In 2008, cadaver dogs that had been working on an unrelated matter alerted near a second home where the Houles had lived at the Army base in Fort Ord — the house they had moved to shortly after Mary disappeared.

==Reappearance==
On November 25, 2003, a pickup truck was pulled over as a routine traffic stop. The truck had stolen license plates, leading to the police collecting and examining the identifications of the passengers. One of the passengers was a woman whose Arizona state identification card bore the name Mary Day; this also contained the missing Mary’s birth date and other pertinent information. The woman was detained, and when she was interviewed, she claimed she ran away from her home to avoid abuse from Charlotte and William Houle. Investigators were skeptical as to the credibility of her accounts, as she had a thick southern accent; Mary Day did not have such an accent. Police also discovered that her identification had been issued three weeks prior to her arrest, which is around the time the homicide investigation began.
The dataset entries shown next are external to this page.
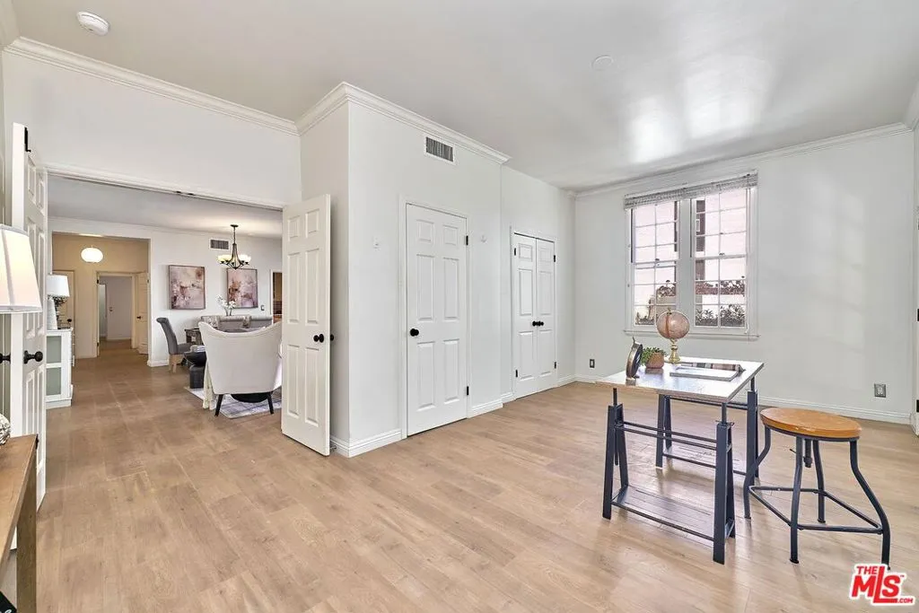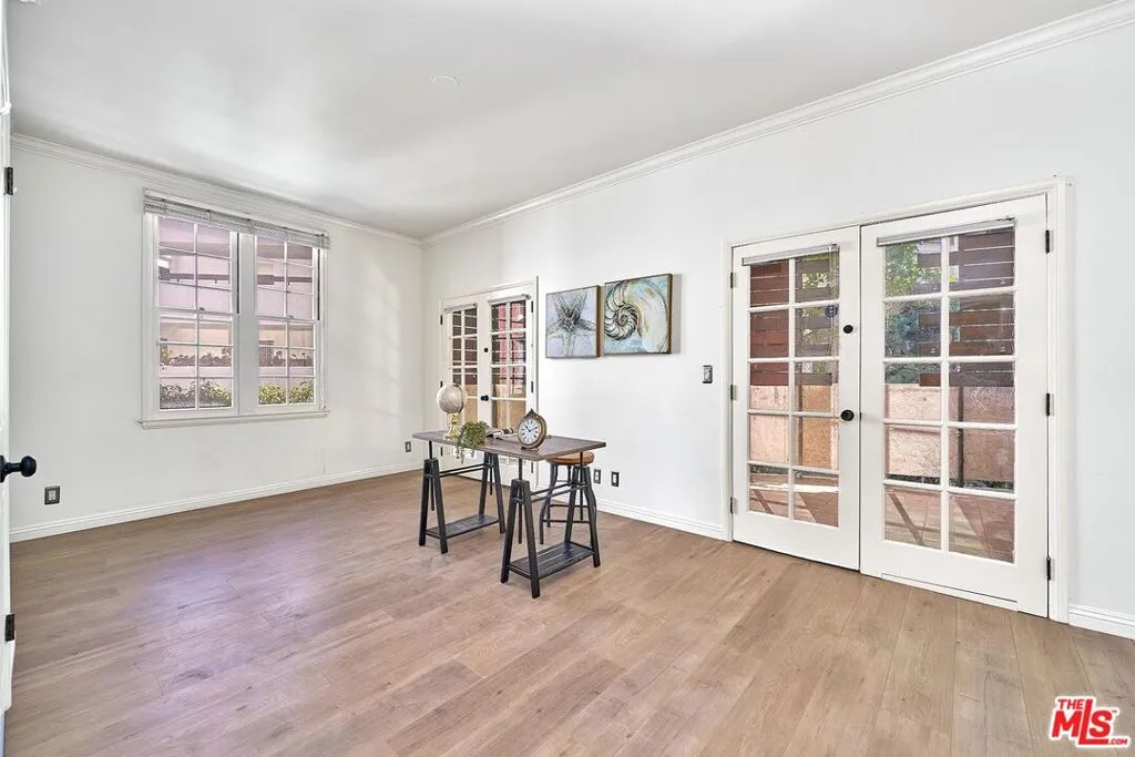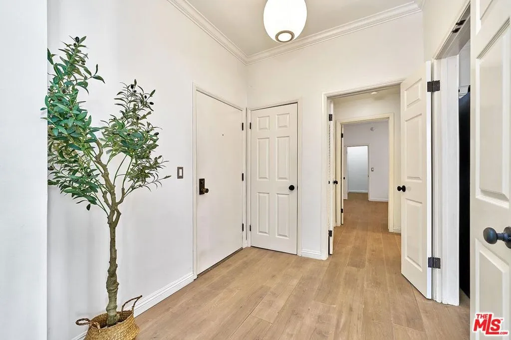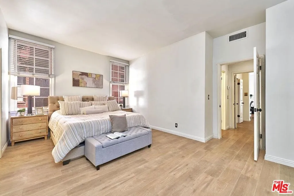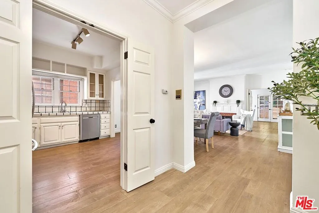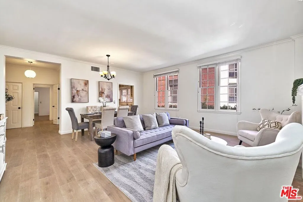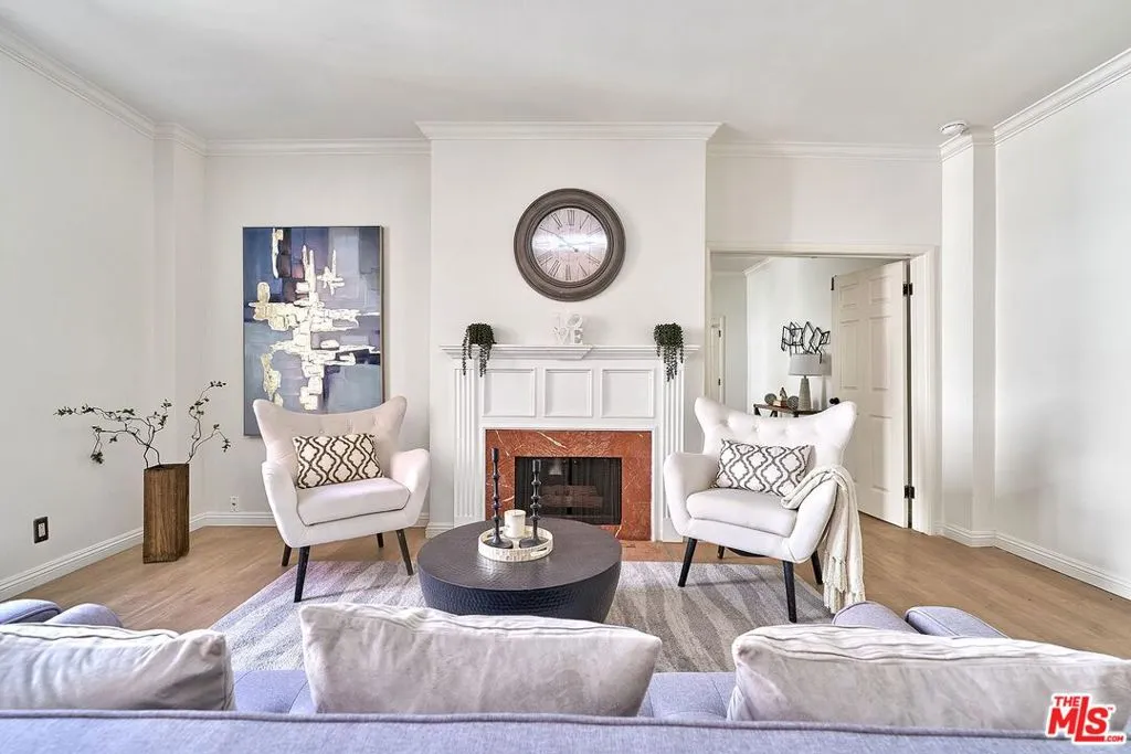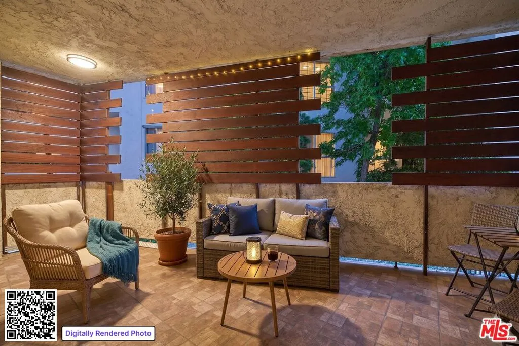 Welcome to your serene Brentwood retreat at 420 S. Barrington Avenue. This inviting condominium offers the perfect blend of comfort, style, and secure city living. The thoughtfully designed floor plan features two spacious bedrooms positioned on opposite sides of the home, offering enhanced privacy and flexibility. A generously sized living room with a classic fireplace creates a warm and inviting centerpiece for everyday living and entertaining. Just beyond the living room, charming French doors open to an oversized private balcony complete with custom wood-slat privacy screens, creating the perfect extension of your indoor living space for relaxing or entertaining outdoors. A brand-new HVAC system adds modern comfort and efficiency year-round, while a separate laundry area adds everyday convenience and functionality. The meticulously maintained community offers side-by-side parking in a gated garage, convenient guest parking, and additional assigned storage on the fourth floor. Set within a boutique building, the residence provides a rare sense of privacy and exclusivity, while also welcoming your furry family members.Located moments from Brentwood's premier dining, shopping, and neighborhood parks, this home delivers an exceptional blend of style, comfort, and walkable convenience in one of Los Angeles' most sought-after communities.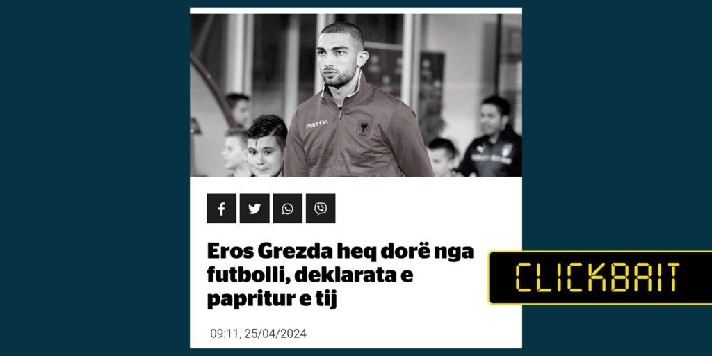 Përmes titujve pretendohet pa saktë se futbollisti Eros Grezda është tërhequr nga futbolli.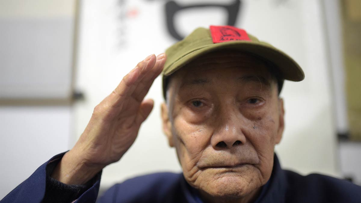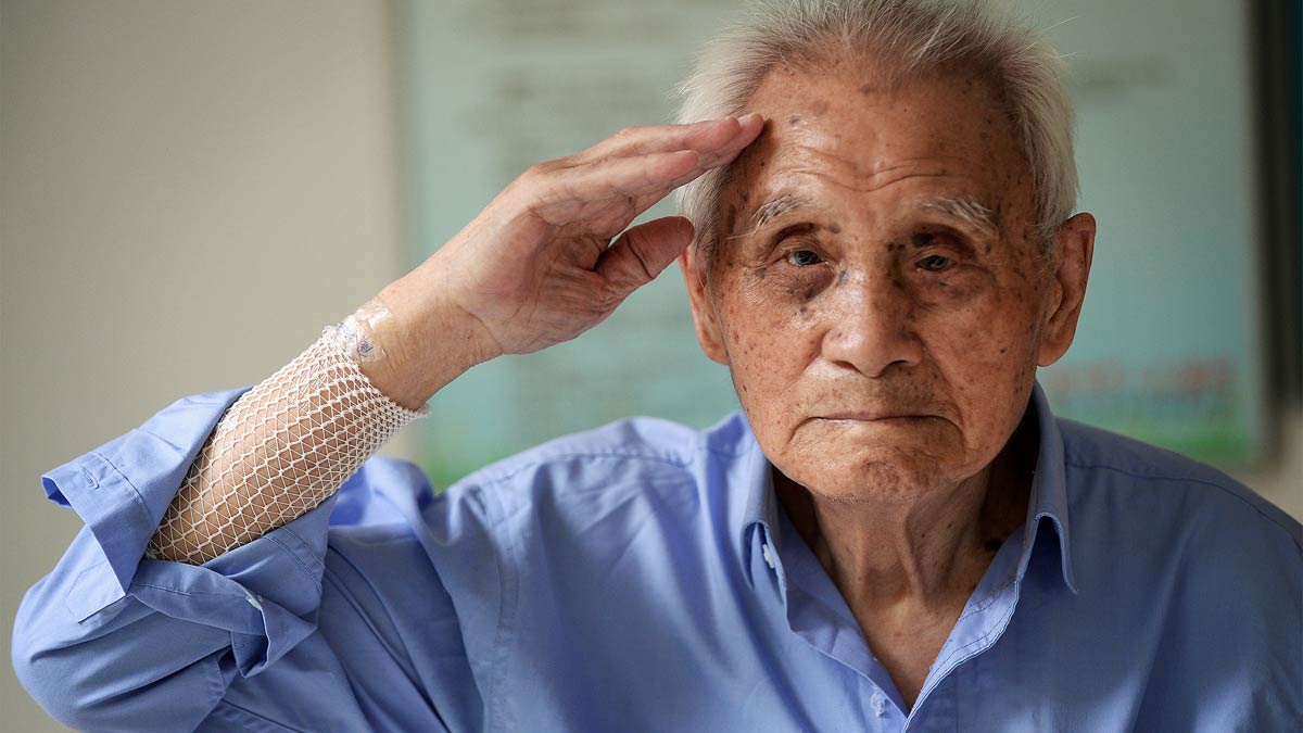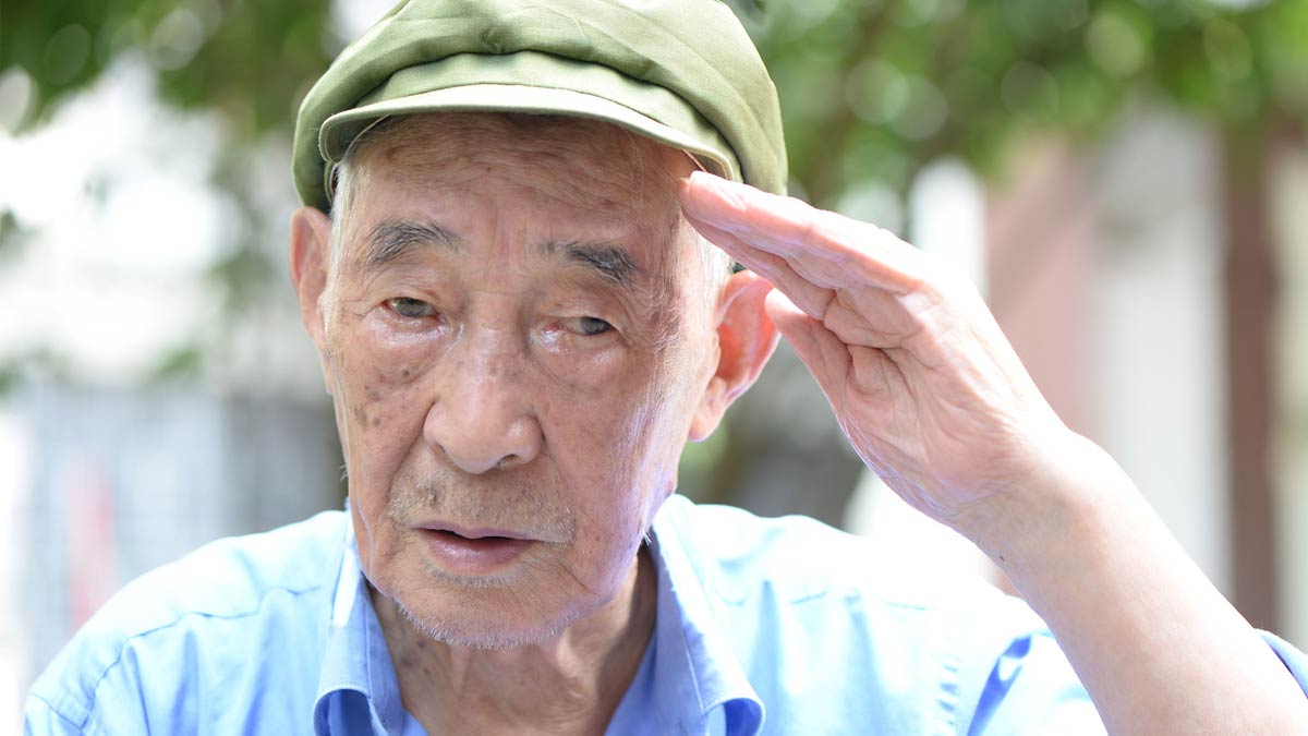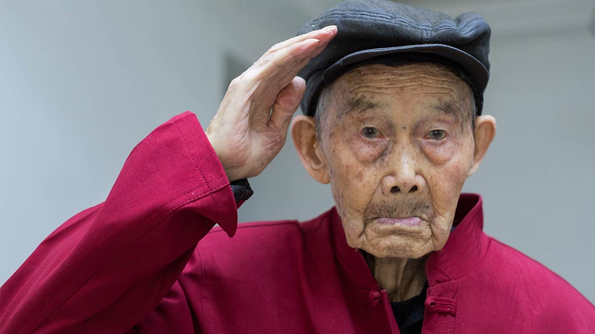 老红军方槐,1917年出生,江西省于都县人。他12岁就参加了儿童团。1931年加入中国共产主义青年团。1933年加入中国共产党。方槐印象最深刻的战斗经历是:第五次反“围剿”失败后,中央红军被迫撤离苏区开始长征。“湘江战役是我们打得最苦、死人最多的一次战役。天上有飞机,地下有追兵。我看到清澈的河水都被红军战士的鲜血染红了。” 图为老红军方槐敬军礼。新华社记者 程敏摄

Investigators initially theorized that the woman was an imposter and took DNA samples in order to determine whether or not her claim was true. Her DNA was compared to that of Charlotte Houle, which revealed that the woman was a biological child of hers. The investigation into Mary's disappearance was closed, and her sister Sherrie invited her to live with her family in North Carolina. Despite the DNA match, Kathy and Sherrie also had doubts of Mary’s true identity due to her southern accent and her unwillingness or inability to give a coherent, logical explanation of what actually happened to her after she disappeared from the family home in 1981. Kathy did not believe Mary since she did not remember much from her childhood, including the inheritance and the codeword "Mohawk,” whereas Sherrie noticed that Mary’s magazines were shipped to the name "Monica Devereaux" but seemingly did not notice that the alias shared initials with “Mary Day.” During her stay with Sherrie in North Carolina, Mary exhibited bizarre behaviors that led Sherrie to theorize that she had multiple personality disorder. Mary often told rambling stories that were disjointed and had no logical timelines. Later questions to Mary would elicit different answers than previous ones. During her stay in North Carolina, she made several attempts to overdose with Tylenol and was a severe alcoholic. She also became violent at times causing a break in the relationship with her sister Sherrie who had two small children in her home.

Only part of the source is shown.